The first answer is definitely the method. Exactly as happened a few years ago, when the theme of the presence of BIPOC was posed, that is of blacks, natives and people of color in a parade of only white models, the raising of shields was silent or unanimous: but why, yes many asked, should beauty be categorized by the number of whites, blacks and Asians? Today the same question snakes with yet another excuse: isn’t it a political correctness drift to want to include all forms of female bodies at all costs? Isn’t Jill Kortleve enough?

No, that’s not enough. For two reasons. The first is because in a moment of revolution (and we are experiencing a truly radical one) every extremization is necessary.

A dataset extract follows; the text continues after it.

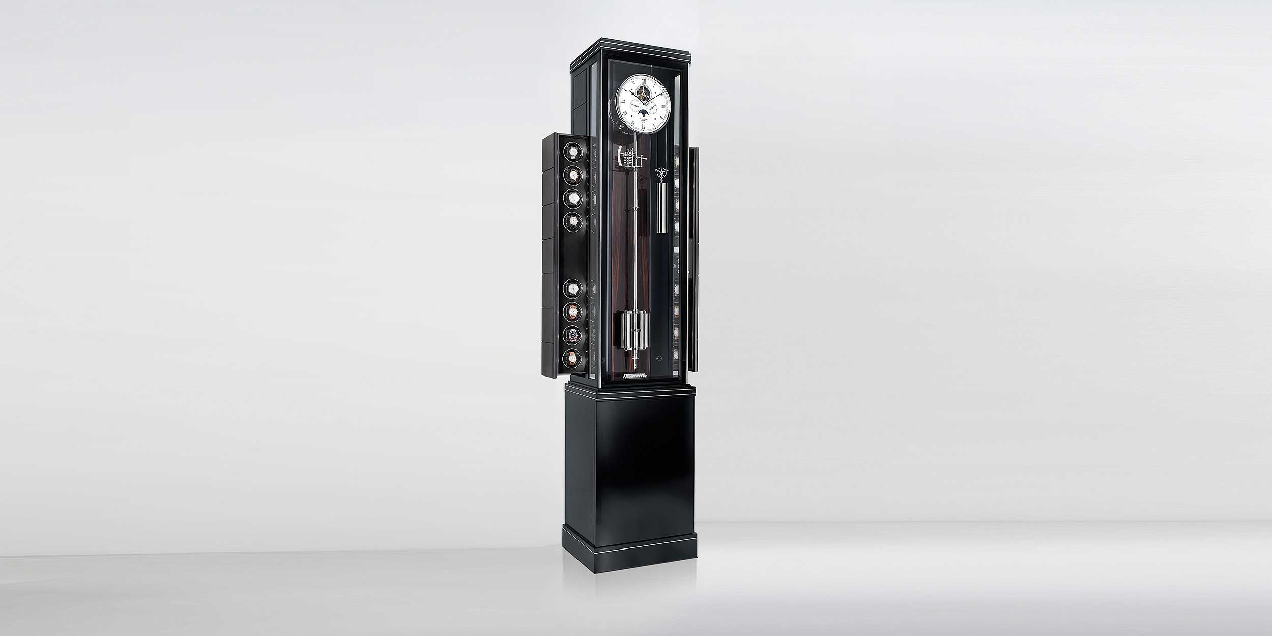 Im Gehäusesockel ist ein Tresor untergebracht, der für verschiedene Schätze Raum bietet. Um die gewonnene Tiefe zu nutzen, sind zudem 16 ferngesteuert ausfahrbare Uhrenbeweger im hinteren Teil des Gehäuses untergebracht. Zusammen mit dem Technologie-Partner Beluwo® entwickelte die Manufaktur neue, große Armbanduhraufnahmen, die ausreichend Platz bieten für größere Zeitmesser. Jede Einheit ist mit einem eigenen Präzisionsmotor ausgestattet und kann mithilfe eines Smartinterface über jedes Smartphone bzw. Tablet einzeln programmiert werden. Die Standuhr Troja Lunaris M (Schwarz/Makassar) ist ausgestattet mit dem außergewöhnlichen Uhrwerk der Secunda Lunaris, deren versilbertes Zifferblatt die Wertigkeit der in liebevoller Handarbeit gefertigten, bombierten Zeiger unterstreicht. Das Pendel bewirkt mit seiner stattlichen Länge von ca. einem Meter ein elegantes und zugleich beruhigendes Schwingen im Sekundentakt.
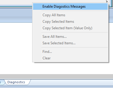 Build Workspace again and send to the controller. The next part will require you to be persistant: while the controller is rebooting and restarting our program, we need to try and enable diagnostic messages. The easiest way I’ve found to do this is to have the Diagnostics tab open, right-click on it and select Enable Diagnostic Messages. If the controller is still booting, you’ll get an error message. Keep trying! Eventually it will connect and you can watch the startup messages fly by.

Perhaps forced, perhaps instrumental but certainly necessary. Many, for example, yesterday criticized women’s quotas, or rather the forced presence of women in contexts in which it has historically been denied. The pink quotas, like the inclusion of different and non-compliant beauty, are a necessary step to reach a world where the problem of the presence of women in society will no longer be a problem. Just like, hopefully, inclusive beauty will happen.

Secondly, however, it is important that fashion radically changes the point of view on the beauty of bodies simply because fashion is one of the most powerful and pervasive tools of communication and learning. On the one hand, in fact, clothes accompany us in life and define us (for roles, choices, sexuality, identity and individuality) as very few other goods are able to do. On the other hand, fashion and its system of images and values ​​is one of the means that can help us most in the process of emancipation from an idea of ​​canonical and exclusive beauty to one that is more universal, broad and perhaps more human.

However, there remains a problem of method which, in reality, could become a golden opportunity for the entire system. To date, the samples of the collections (the models of the clothes) and even the patterns of the clothes (that is the basic structures of the clothes, those used to organize their production) are designed in a single size that reflects what we see on the catwalk, or rather thin and wiry models. Wouldn’t it be the case instead to model creativity, from the beginning, on non-conforming and stereotyped bodies? What would fashion be like if instead of a thin, tall and wiry model, it was thought of all types of physicality?

It would be a radical change, not easy, not short but perhaps very, very promising. Something that perhaps would be able to defuse an obsolete and dusty mechanism and then trigger a new way of looking and looking at ourselves. Fashion needs this change. Not only because the world has already changed, but to take back the place it deserves, namely that of generator of change. Otherwise, the space in which she will find herself moving will be that of Pamela’s dressing room at 11.